Terus Merugi Dua Kuartal Berturut-turut, Coinbase Masih Harus Mengandalkan Jalan di Luar Transaksi

marsbitDipublikasikan tanggal 2026-07-31Terakhir diperbarui pada 2026-07-31

Abstrak

Platform perdagangan kripto AS Coinbase melaporkan kerugian bersih GAAP sebesar $359 juta pada kuartal kedua, menandai dua kuartal berturut-turut dalam zona merah. Meski pendapatan total turun menjadi $1,22 miliar, kisahnya lebih kompleks daripada sekadar siklus pasar yang lesu. Pangsa pasar volume perdagangan kripto Coinbase justru meningkat menjadi 10,3%, rekor baru menurut metrik internal perusahaan. Hal ini menunjukkan kekuatan relatifnya sebagai pintu masuk yang mematuhi peraturan di AS, bahkan ketika likuiditas global menyusut. Struktur pendapatan pun bergeser. Pendapatan transaksi turun menjadi $599 juta, sementara pendapatan berlangganan dan layanan mencapai $555 juta, hampir setara. Penopang utama di sini adalah bisnis stablecoin, yang menghasilkan $292 juta. Dengan lebih dari 30% pasokan USDC berada di produk Coinbase dan saldo rata-rata $20 miliar, pendapatan berbasis bunga ini memberikan aliran kas yang lebih stabil dan kurang bergantung pada volatilitas perdagangan spot. Pasar derivat juga menunjukkan ketahanan. Volume derivat kripto global tetap tinggi di $1,03 triliun, sementara volume spot turun 24% menjadi $146,4 miliar. Coinbase berupaya mengintegrasikan likuiditas spot, stablecoin, dan derivat untuk menciptakan ekosistem yang lebih lengkap. Meski rugi bersih secara GAAP, Adjusted EBITDA tetap positif sebesar $208 juta, didukung pengendalian biaya. Laporan ini menyoroti transisi Coinbase: perusahaan masih bersifat siklus, tetapi semakin didorong oleh ali...

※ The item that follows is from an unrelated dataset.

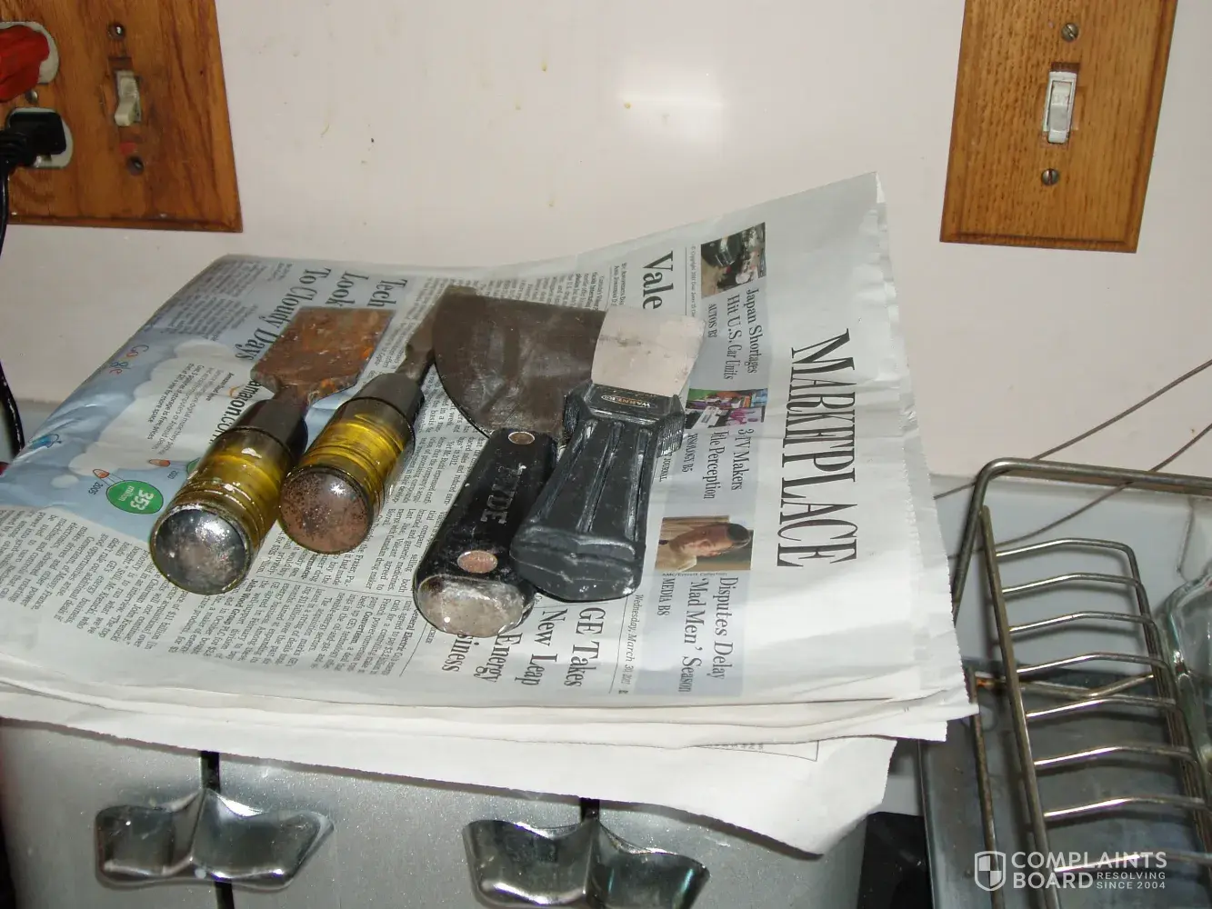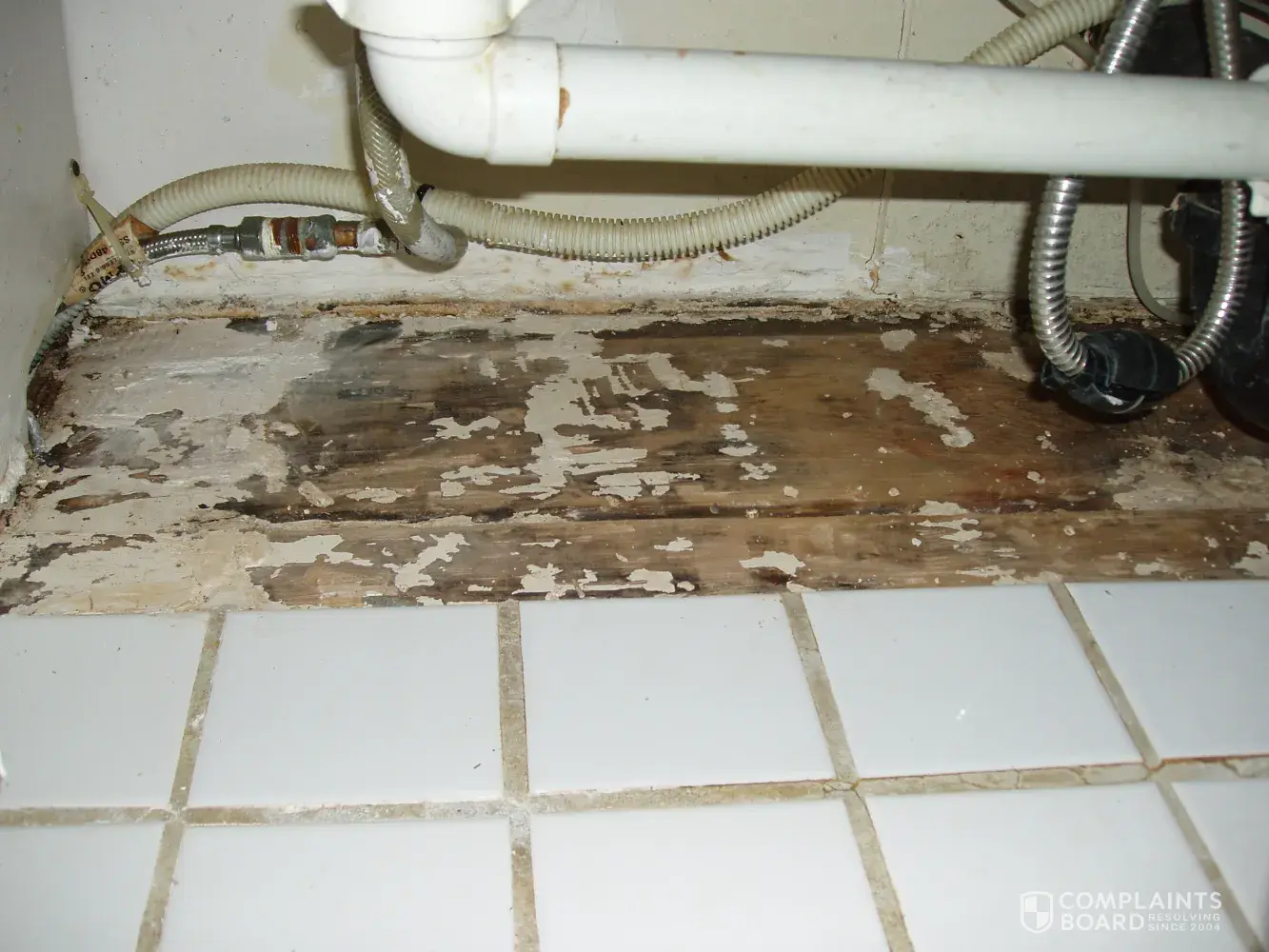 When a Sears Technician hooked up the water dispenser line in 2008, I was not aware that he had not checked his work for a leak! The leak was so small that you could not tell. In addition, it was installed under my sink-the water line and a valve-so that small leak was not noticed. Eventually, I detected an odor coming from beneath my sink on March 29, 2011 and when I removed the items from under the sink, I saw mold and the tiles that were installed under the sink were all loose. When I began to remove them is when I saw how extensive the damage was. At first, I thought I had a plumbing problem so I called my plumber. He could not find a leak until he added some water in the sink and placed a blue pill in the water. When he drained the sink, he showed me where the leak was coming from: The Sears installed hose and valve had a very tiny leak, which is why it took years to notice the damage. Therefore, on March 30, 2011, I called Sears and I reported everything as described above. They scheduled a technician for 4/5/2011 between 8:00 a.m. & 12:00 p.m. He showed up and immediately asked what was wrong with my refrigerator! I said nothing was wrong with my refrigerator and once again explained the problem! From there it all went downhill and I was so unnerved my blood pressure-I nearly 68 yrs. of age with high blood pressure-began to rise so I asked him to leave. I called Sears to complain and eventually after many transfers and always having to repeat my name, address, tel. number and my complaint, I was sent to what they said was the Damage Claim Dept. who seemed to be sympathetic and a lady named Teresa gave me a Claim number 103800 and said that they would call me back in 24-48 hrs. for status. Well that never happened and for two more days I called and eventually wound up in a 'Black Hole' and no one could find the Claim number. I was truly upset; especially after a person by the name of Licio Navas transferred me to dial tone! With that, I called back and cancelled my extended warranty. The proceeds will be use to fix my problems. In addition, yes, I still cannot use my water dispenser and I used a portable heater for over 48 hrs. to dry out the wood-tiles were removed-and walls beneath my sink. Having read about some of the many complaints regarding Sears, I now know I am not alone in realizing how dysfunctional Sears has become-especially their installation, repair and Customer Service A.K.A. Customer Harassment! In the photos, you will see the damage, the bucket of tiles removed, the goop that was removed, the tools that were used and the heater!

Platform perdagangan kripto Amerika Serikat, Coinbase, menyerahkan laporan keuangan yang mudah salah dibaca. Total pendapatan kuartal kedua turun menjadi 1,22 miliar dolar AS, dengan kerugian bersih standar GAAP sebesar 359 juta dolar AS. Menurut lampiran laporan keuangan yang diserahkan Coinbase ke Komisi Sekuritas dan Bursa AS pada 30 Juli, ini sudah menjadi kuartal kedua berturut-turut perusahaan mengalami kerugian bersih.

Hanya melihat laporan laba rugi, ceritanya seperti siklus kripto yang familiar. Harga koin melemah, volatilitas turun, pengguna mengurangi transaksi, dan pendapatan bursa pun menyusut. Tapi di laporan keuangan ini ada alur lain. Menurut pengungkapan Coinbase, pangsa pasar volume perdagangan kriptonya naik menjadi 10,3%, memecahkan rekor menurut versi perusahaan. Di kuartal yang surut, justru mendapatkan lebih banyak aliran.

Siklus Coinbase belum hilang, hanya saja tak lagi sepenuhnya identik dengan siklus perdagangan spot. Pangsa, stablecoin, dan derivatif, kini sedang membagi sumber pendapatan dan likuiditas perusahaan ini menjadi beberapa aliran sungai yang berbeda.

Pasar Dingin, Mengapa Platform Justru Makin Kuat?

Kuartal kedua, volume perdagangan kripto spot global yang digunakan oleh Coinbase turun 25% secara kuartalan. Menurut laporan keuangan perusahaan, pangsa Coinbase pada periode yang sama justru naik dari 9,1% di kuartal pertama menjadi 10,3%. Pendapatan berkurang, bukan berarti posisi relatif platform memburuk.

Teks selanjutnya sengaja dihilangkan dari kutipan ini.